Taste is one of my favorite of the senses just because I feel as though it is something that can make us feel at one with each other. It is one of the senses in which we are able to bond while making a dish, or sitting down eating enjoying not only the food but the company with the people who you are with. Elizabeth Perez wrote a book, Religion in the Kitchen: Cooking, Talking, and the Making of Black Atlantic Traditions, where she talks about and touches upon the importance of religious cooking. She also talks about the importance of what religions do in order to prepare certain foods or certain foods/ drinks for ceremonies.
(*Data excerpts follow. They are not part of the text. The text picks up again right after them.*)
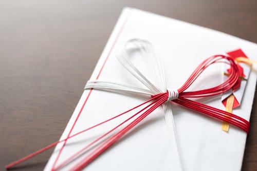 お祝いの品にかけるのし紙や現金を包む封筒は、紅白の水引を選ぼう。結び方は、引っ越しや昇進など、何度祝ってもよいお祝いごとに対して用いる蝶結びにするのがマナーだ。華美なものではなく、シンプルなものでかまわない。
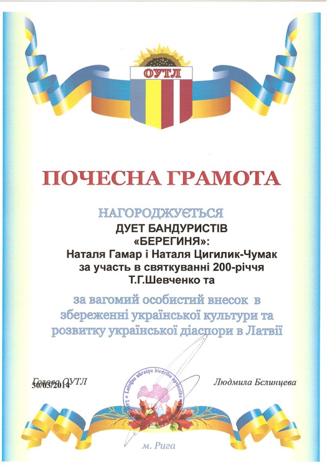 За участь у святковій академії, присвяченій відзначенню 200-тих роковин від дня народження Т. Шевченка та за вагомий особистий внесок в збереженні української культури та розвитку української діаспори в Латвії, бандуристки були нагороджені Почесною грамотою Об’єднання українських товариств Латвії.
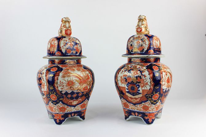A pair of Japanese Imari covered vases, early 20th century, decorated in iron red and gilt over underglaze blue with traditional foliate and bird designs, mounted with temple dog finials, 36cm high, (one small rim chip).
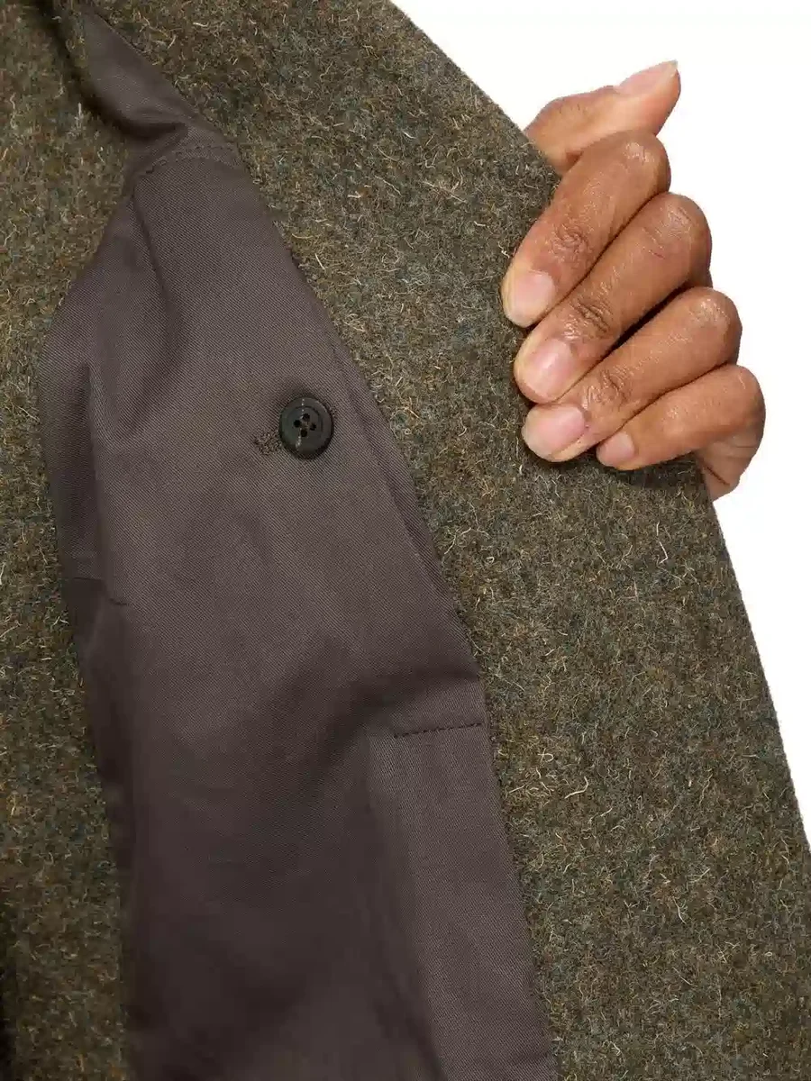 HIJ IS GEMAAKT VAN BRITSE WOL GEMENGD MET KEMP, OOK BEKEND ALS DOOD HAAR. KEMP-VEZELS ZIJN NATUURLIJK VOOR SOMMIGE SCHAPENRASSEN EN KUNNEN NIET VERVEN.
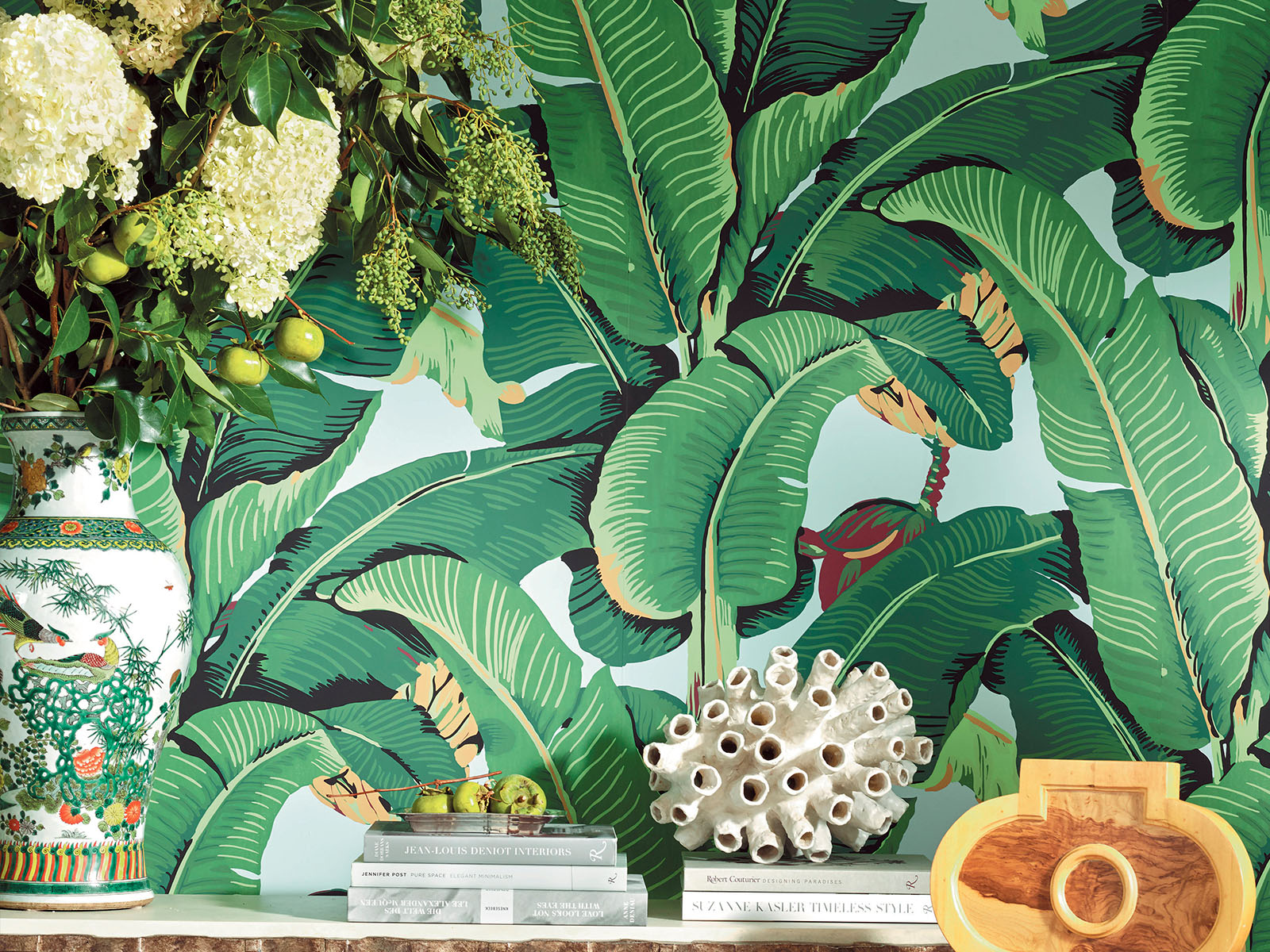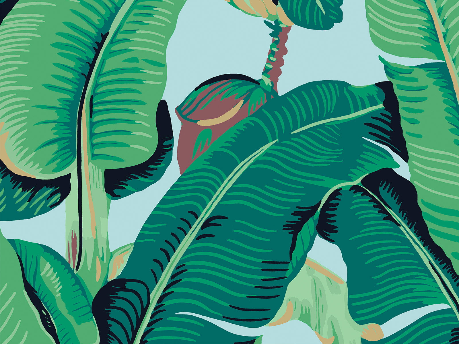 Hindson Palm brengt instant tropische flair in je interieur met zijn krachtige bladerpatroon en rijke kleurenpalet. Dit iconische behang uit de Scalamandré collectie van HookedOnWalls toont grote, expressieve bananenbladeren die een levendige, bijna weelderige sfeer oproepen. Het ontwerp is energiek en dominant, perfect voor wie een tropisch statement durft te maken in bijvoorbeeld de hal, eetkamer of woonkamer.
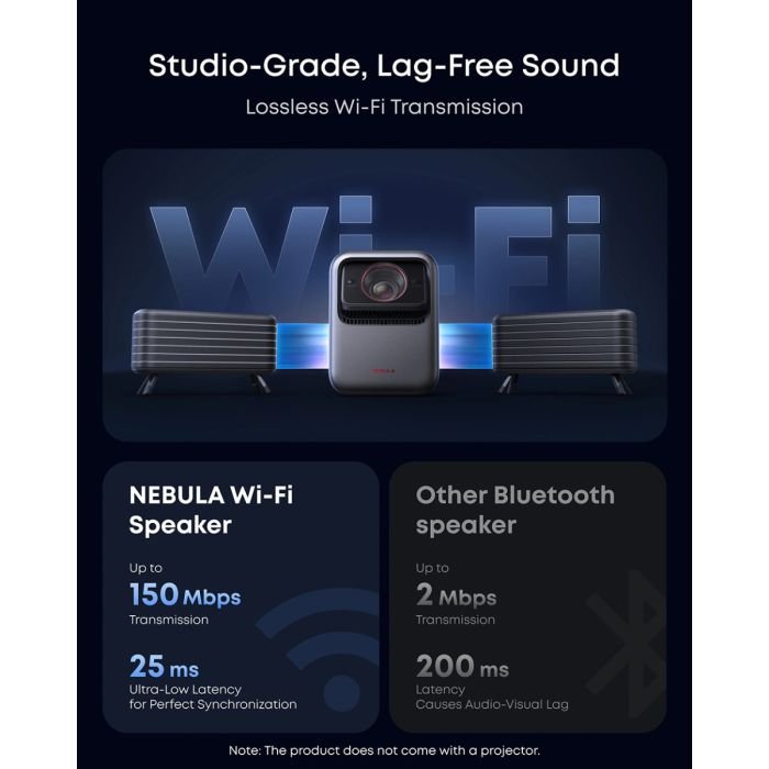 - 4.1.2 prostorni zvuk s bežičnim satelitskim zvučnicima: Povežite bežične satelitske zvučnike s NEBULA X1 za dodatnih 160 W snage i doživite izvanredan prostorni zvuk.
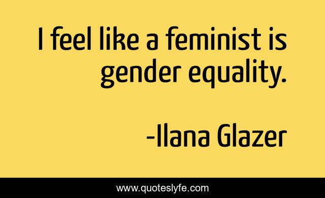 This page presents the quote "I feel like a feminist is gender equality.". Author of this quote is Ilana Glazer. This quote is about feel, gender, like,.

Growing up in a Catholic setting we used to bless the body of Christ and the blood of Christ before we would be able to accept it. You would bring these items down the aisle and then the priest would have us join in prayer to bless the items. We use communion in the church to be able to have and feel the presence of God. We talked about this in class where some religions would give offerings and not eat certain foods in order to be one with god. For us, we become one with God every Sunday when we eat the body of Christ and drink the blood of Christ. This used to be very important to me, mostly when I was younger and just had my first communion, where I was surrounded by my family in the pews. However, as I got older and my grandmother’s immune system was not as well, I found that the time in which I felt one with God again was during family gatherings on the holidays, where we all sit around a table and say prayer eating the same types of food. Food in my family is the common ground and the time in which we are able to talk to one another about each other’s days during dinner.

Comments

  1. I think there are always at least two sides to Communion - 1) the communion with the Body of Christ, with God as you internalize Him (become "one with God") by eating and drinking, and 2) the communion with the other members of the community sharing in the same "meal." Clearly that second sense has carried over to your family meals with your grandmother. But I love how in Paul's letters in the NT, especially in 1 Corinthians, "the body of Christ" comes to refer metaphorically also to the community of Christians. So both senses of Communion are implied in the term "body of Christ." There is a saying in Jewish tradition that wherever three or more are gathered to eat and say words of Scripture, God is present. And in a Christian version of this saying from the Gospel of Matthew, Jesus says "Wherever two or three gather in my name, there I am with them." What's so cool is that your own sensory experiences confirm this theological idea.